How does a patient become part of an ACO? According to Book,

Patients don’t “enroll” in an ACO — they are assigned to an ACO ex post based on the preponderance of their utilization. That is, at the end of the year, if a patient happens to have had a plurality of care (measured by either service counts or dollars of Medicare claims), from physicians who are members of a particular ACO, then that patient is assigned to that ACO. Not only do patients not enroll in ACOs; they might not even be aware of them, as assignments may take place after the fact.

As if it weren’t bad enough that patients are assigned to ACOs with no choice in the matter, ObamaCare then offers each ACO a bonus payment based on the total Medicare cost for its patients, including the cost of care obtained outside the ACO. The catch is that the bonus is based on bringing costs in below expectations. “Because this program is part of Medicare’s fee-for-service system,” averred Book, “‘reduce costs’ means ‘reduce services’ — that is, ‘give patients less care.’”

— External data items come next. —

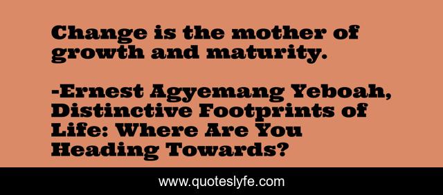 "Ernest Agyemang Yeboah, Distinctive Footprints of Life: Where Are You Heading Towards? Quotes." Quoteslyfe.com, 2025. Fri. 05 Dec. 2025. <https://www.quoteslyfe.com/quote/Change-is-the-mother-of-growth-and-98986>.
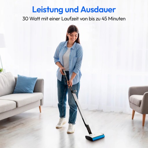 Dzięki mocy 30 W odkurzacz do podłóg czyści szczególnie dokładnie i jest szczególnie trwały. Dzięki czasowi pracy do 45 minut na jednym ładowaniu akumulatora możesz z łatwością odkurzyć kilka pomieszczeń lub wszystkie piętra za jednym razem, w zależności od przestrzeni mieszkalnej.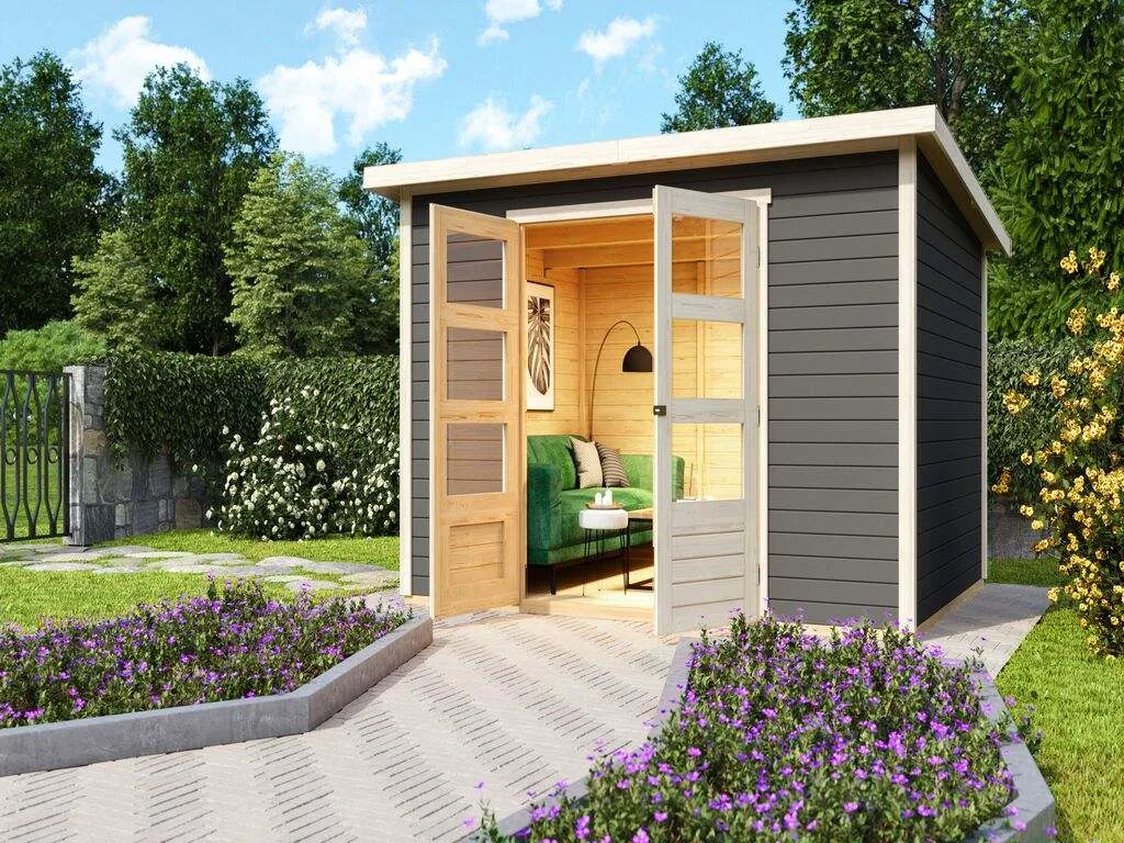 Die Grundfläche des Gartenhauses beträgt 7,28 m². Eine optimale Raumnutzung wird dank einer Firsthöhe von 197 cm gewährt.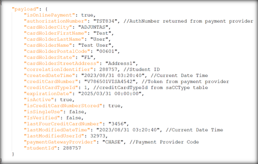 Below is the sample URL and payload to save a new credit card using the StudentCreditCard command API: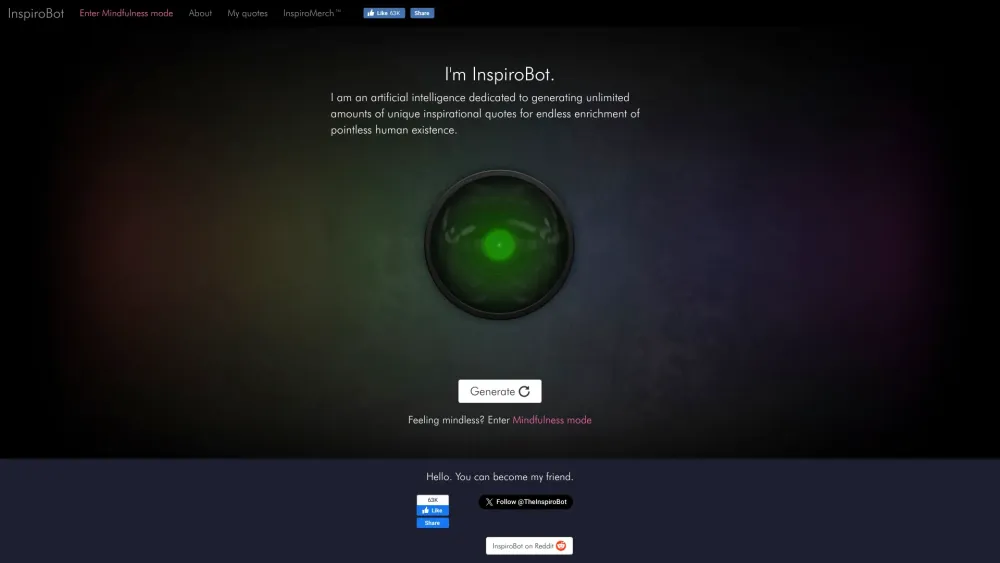 InspiroBot is an AI-driven platform that instantly crafts unique and engaging inspirational quotes with just a click.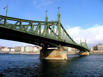 Keywords: budapest bridge blue sky danube river capital pillar liberty bridge scape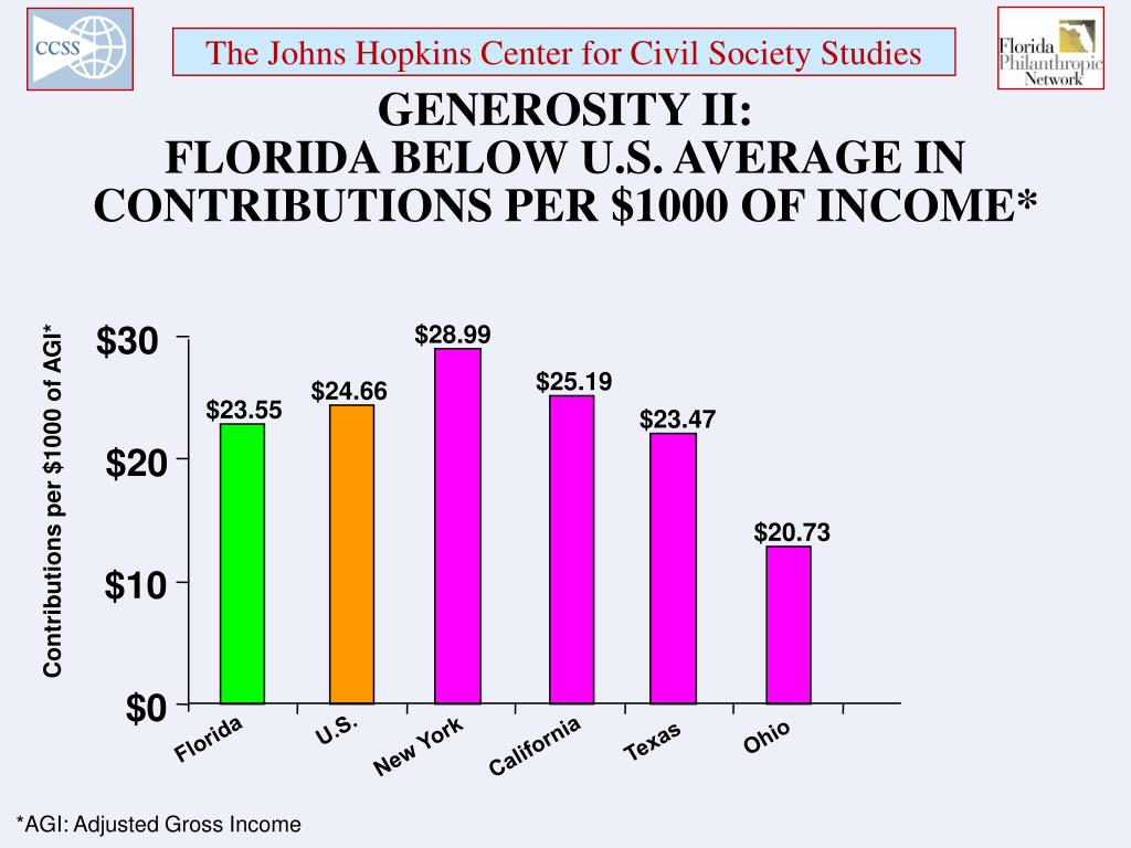 The Johns Hopkins Center for Civil Society Studies GENEROSITY II:FLORIDA BELOW U.S. AVERAGE IN CONTRIBUTIONS PER $1000 OF INCOME* $30 $28.99 $25.19 $24.66 $23.55 $23.47 $20 Contributions per $1000 of AGI* $20.73 $10 $0 U.S. Ohio Florida Texas California New York *AGI: Adjusted Gross Income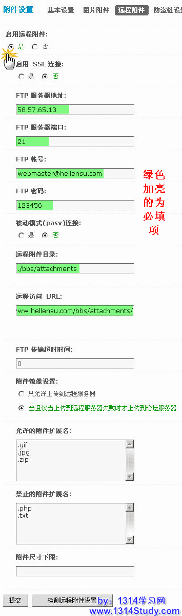 3)远程附件目录:远程附件目录的绝对路径或相对于 FTP 主目录的相对路径,结尾不要加斜杠“/”,“.”表示 FTP 主目录。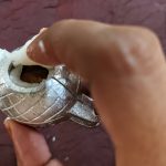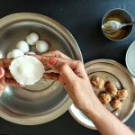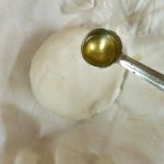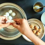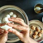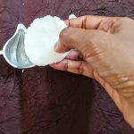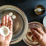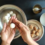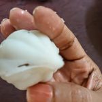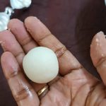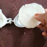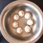 - To Shape the Modaks with hand: Grease palms, pinch Lemon sized balls from the dough,and keep covered. Take one one ball at a time(ensure the dough is crack free and smooth), start by first flattening the outer edges with your thumb and index finger, as shown in the picture. Now with your thumb finger press the bulgy center part inwards,forming a well. Now widen then well and start giving the shape of a cup that is a little deep, so that the Purnam/filling fits comfortably. Now place the coconut Purnam in the center.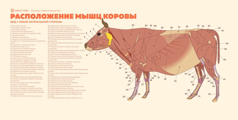 Прямая мышца живота начинается от нижних концов четвертого-девятого реберных хрящей и грудной кости и оканчивается на лонном гребне. Мышечные пучки идут спереди назад вдоль белой линии живота и имеют пять сухожильных перемычек. Мышца заключена в сухожильное влагалище, образованное апоневрозами наружной и внутренней косых мышц живота (наружная пластинка), поперечной мышцы и внутрибрюшной фасции (внутренняя пластинка). В области второй (третьей) сухожильной перемычки у коровы располагается молочный колодец для прохождения подкожной брюшной вены.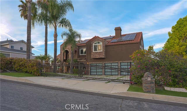 Welcome to this stunning luxury home with 5 bedrooms and 6 bathrooms in Chino Hills' sought-after hills, offering breathtaking panoramic views, modern upgrades, and an ideal location with no HOA. This home seamlessly blends serene living with convenient luxury. Enjoy expansive mountains, hills, and city lights from nearly every room. Spacious and versatile 4,285 sq ft on a generous 0.33-acre lot, featuring two main-level bedrooms/office and 3 bedrooms upstairs, perfect for families. Modern Upgrades include paid-off solar panels, a whole-house water softener, a water purification system, and updated fixtures. High ceilings, large windows, and open spaces flow seamlessly to the outdoors. Prime Location, Quiet & Desirable neighborhood with easy access to 71/57/60 freeways and shopping. This property offers luxury, sustainability, and convenience in a beautiful, prime hill location.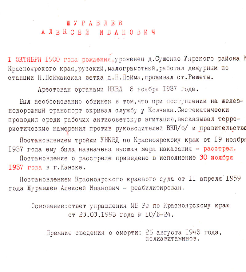 1 октября 1900 года рождения, уроженец д. Сушенко Уярского района Красноярского края, русский, малограмотный, работал дежурным по станции Н. Пойманская ветка д. Н. Пойма, проживал ст. Решеты.

This is easy enough to do as long a patient doesn’t seek care outside the ACO. Doctors inside the ACO can simply recommend fewer procedures, hospital stays, and office visits. But what if a patient, either through dissatisfaction with the ACO or lack of knowledge that he is even part of an ACO, chooses to obtain care elsewhere? There is nothing the ACO can do about it, no matter how big a dent this outside care may put in the ACO’s bonus payment.

The solution, therefore, is for the ACO to get bigger, thereby reducing the patient’s non-ACO options. Book:

If an ACO wants to, say, try to limit patients to 12 specialty visits a year, it’s much easier if they “own” most of the specialists in the area. If an ACO includes many of the major hospitals, and a significant number of physicians in every major practice area — including, say, imaging facilities and labs (possibly a hospital outpatient lab), then it becomes a lot easier to guide patients to the level and type of utilization desired — which is, for purposes of the Medicare Shared Savings Program, always less utilization. And of course, it is much easier to enforce referral and utilization policies on physicians who are employees of a group running the ACO, rather than simply independent businesses who happen to join an ACO at a given moment in time.

In other words, the Medicare Shared Savings Program encourages hospitals and physicians of different specialties to join together in order to encourage patients to use less health care.

Put more bluntly, the purpose of ACOs is to ration care, and the best way they can achieve that objective is to grow larger and larger until patients have little choice but to submit to their dictates. Indeed, as David Hogberg maintained in his book Medicare’s Victims, “The aim of ObamaCare is to put most, if not all, of the [Medicare] beneficiaries into ACOs.”

That the ACA cuts costs by rationing care at the instigation of the government should hardly be surprising. Obama, after all, recently told the National Governors Association that the main reason for the massive national debt is too much healthcare spending, much of which can be laid at the feet of “private-sector involvement” and “profit,” plus the fact that “people always want the best stuff, but that costs money.” Given that mindset, the only possible way to solve the problem of runaway federal debt in 2010 was to take as much power away from the private sector as possible and force people to stop using so much healthcare.

Still, the similarities between Obama’s anti-private-sector rhetoric and ObamaCare’s reality are striking. Observed Book: “It is highly ironic that a law proposed, in part, because of the allegation health insurance companies were increasing their profits by denying care to patients — is now the means by which the federal government pays physicians to, in effect, deny care to patients.”